Más específicamente, si tenés Mercurio retro en tu carta natal, es probable que sientas que la temporada de Mercurio retro es afín a tu naturaleza interna. Que estás en tu salsa, bah. Que tu tiempo interno coincide con el tiempo del mundo. Si no tenés Mercurio retro en tu carta, además de la aparición de personas del pasado tanto física como mentalmente, puede ser un gran momento para que termines de procesar cosas que hace tiempo están dando vueltas pero no podés tomar una decisión o no terminás de entender por qué pasó lo que pasó. Los manuales de astrología suelen decir que revises bien los contratos antes de firmarlos y que, si algo se demora, aproveches ese tiempo para ver cómo lo podés aprovechar. Tal vez te des cuenta de cosas que en otros momentos no hubieras podido percibir, producto del acelere con el que vivimos, donde todo tiene que ser ya ya ya. 

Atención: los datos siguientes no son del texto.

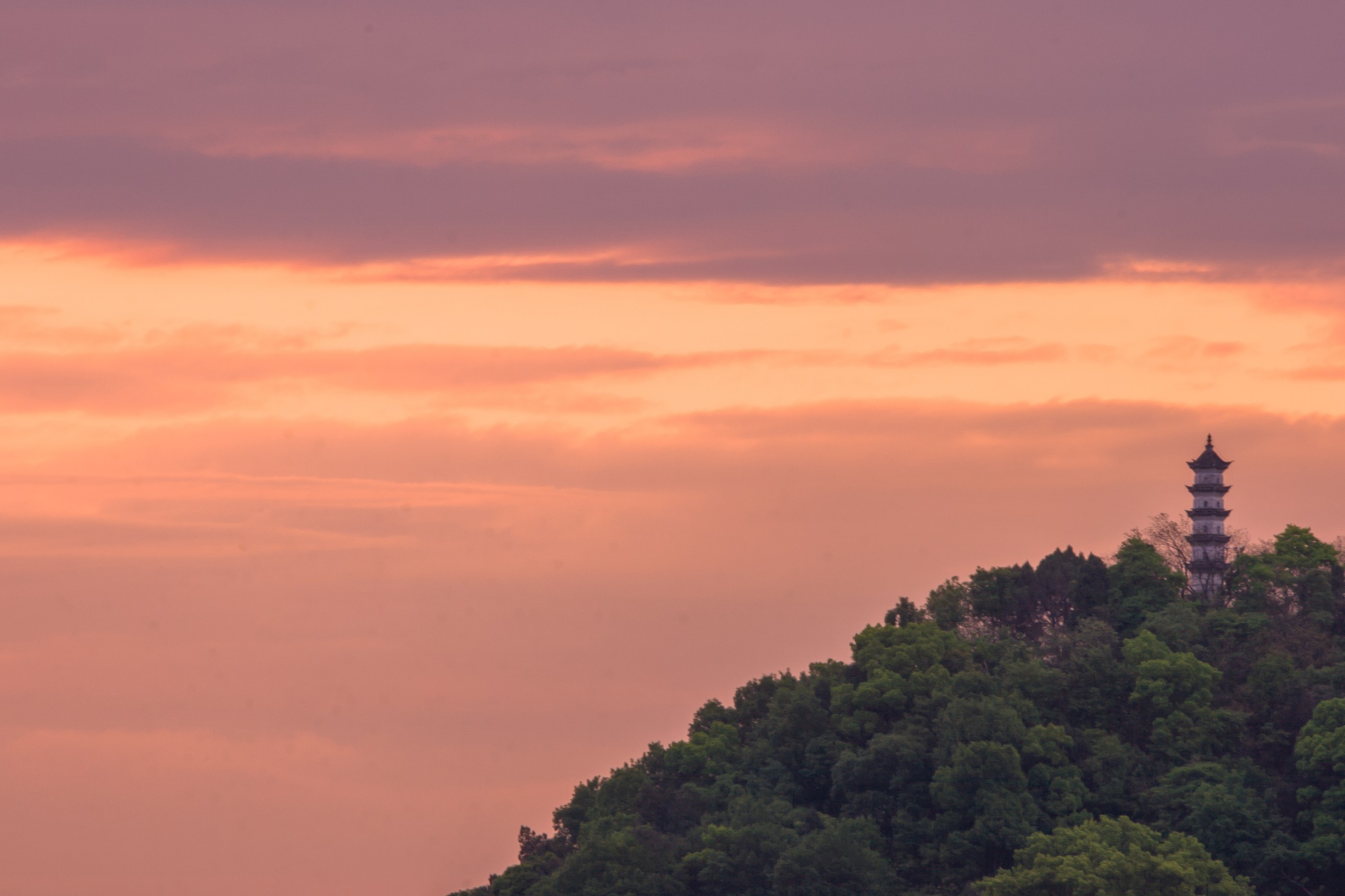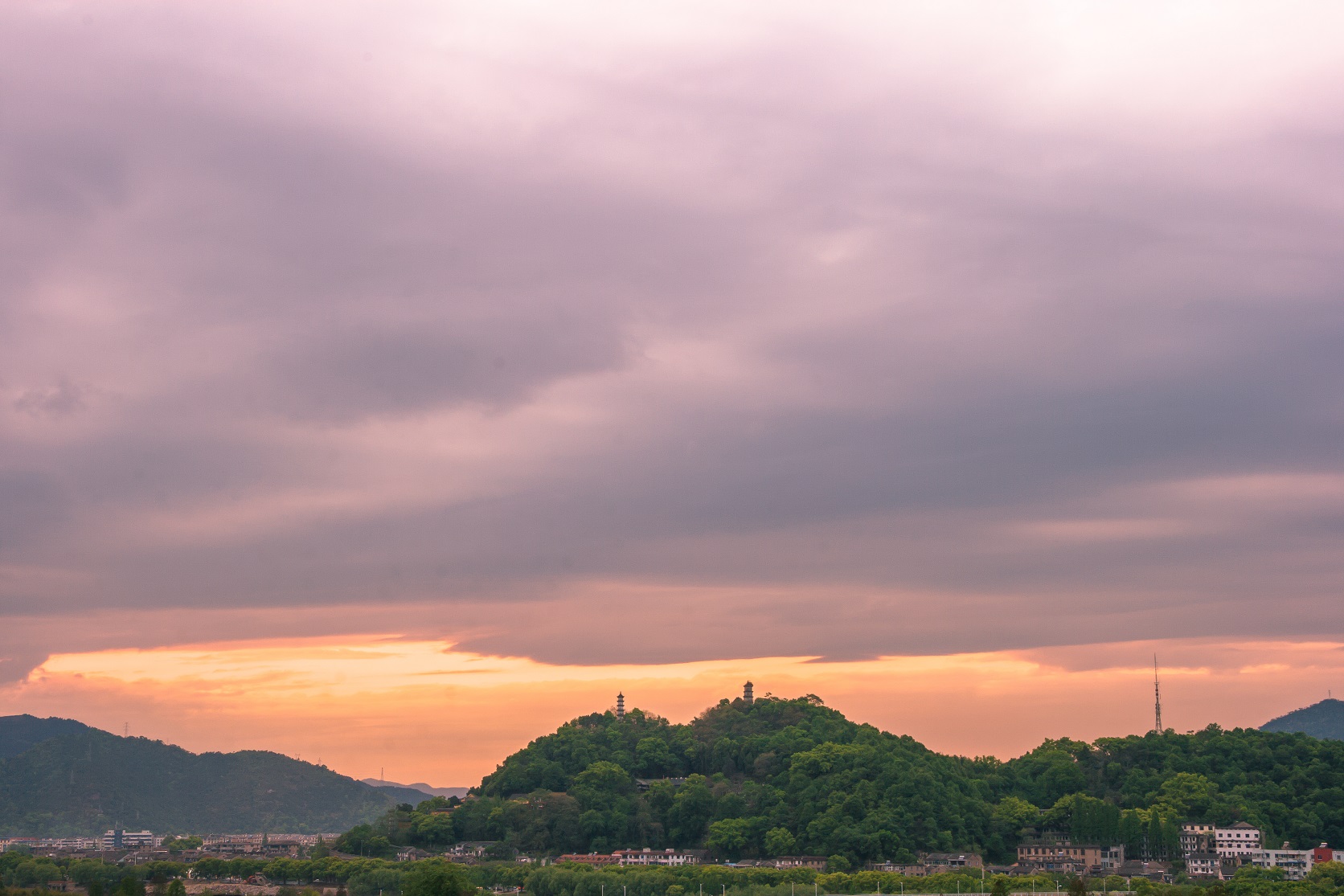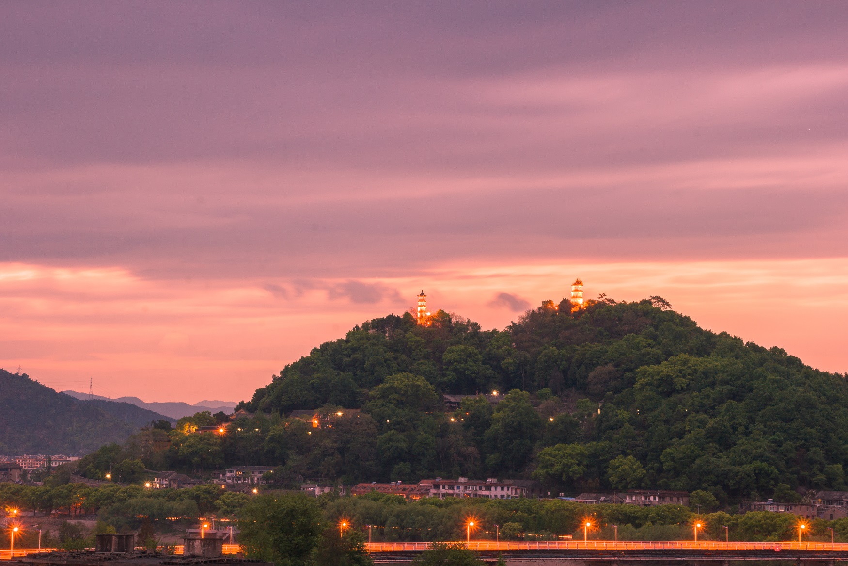 夕陽西下的臨海巾山

Como para ir cerrando, hay una particularidad sobre el año 2021. Este año las retrogradaciones de Mercurio son en signos de aire: en Acuario, en Géminis y en Libra. El elemento aire está vinculado al mundo de las ideas. Entonces, las retrogradaciones de Mercurio son un gran momento para revisar nuestra forma de comunicarnos con el otre, si queremos imponer nuestras ideas o estamos abiertxs a la diferencia de opinión, si nos dejamos atravesar por otras perspectivas o estamos convencidxs de que tenemos la posta, si nuestras ideas están buenísimas pero no sabemos cómo concretarlas, si estamos siendo rígidxs en nuestras formas de pensar, o bien si somos muy barriletes y no podemos profundizar en nada. El 2021 tiene como desafío ser flexibles y abrir nuestras mentes a otras formas de pensar y ver el mundo, pero sin perder un norte. Si te rigidizás, perdés. Pero si sos muy cuelgue y laxa, también. Ahora ya sabés.

Bueno, gracias por haber llegado hasta acá y por compartir este pódcast en tus redes sociales. Un abrazo.